Preclinical data about peri- and post-natal toxicity of etanercept and of effects of etanercept on fertility and general reproductive performance are not available. Developmental toxicity studies have been performed in rats and rabbits. The AUC-based systemic exposures of etanercept in rats and rabbits are 21- to 25-times higher than in humans at the usual human therapeutic dose of 50 mg weekly, and are approximately 10- to 13-times higher than in humans at the maximum recommended human dose of etanercept of 50 mg twice weekly (for psoriasis). No evidence of harm to the fetus in rats or rabbits or neonatal rats due to etanercept was observed. Animal reproduction studies are not always predictive of human response.

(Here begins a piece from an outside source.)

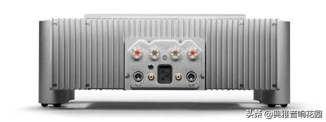 来到背板,可以看到一整排的散热片,将散热片设计在背板与左右二侧后方一小片也是Chord的独特作法,市面上大部分扩大机都把散热片分置左右二侧,很少放在背板上的。也因为背板几乎都被散热片占满,所以喇叭线端子,XLR、RCA输入端子以及触发开关就必须挤在一起。Ultima5内部使用了32个MOSFET,但是即使唱一整天,散热片摸起来也只是温温的,热度并不高,可见散热效率很好。对了,它使用的电源线却是20安培的规格,想来瞬间电流应该会很大,也就是说动态范围可以很宽。为此,代理商特别附带一条MonitorAcousticsMA220020安培电源线。

Enbrel crosses the placenta and has been detected in the serum of infants born to female patients treated with Enbrel during pregnancy. The clinical impact of this is unknown; however, infants may be at increased risk of infection. Administration of live vaccines to infants for 16 weeks after the mother's last dose of Enbrel is generally not recommended.
The safe use of Enbrel during lactation has not been established. Enbrel has been reported to be excreted in human milk following subcutaneous administration. In lactating rats, following subcutaneous administration etanercept was excreted in the milk and detected in the serum of the pups. Because immunoglobulins and many medicinal products can be excreted in human milk, a decision should be made whether to discontinue nursing or to discontinue Enbrel while nursing.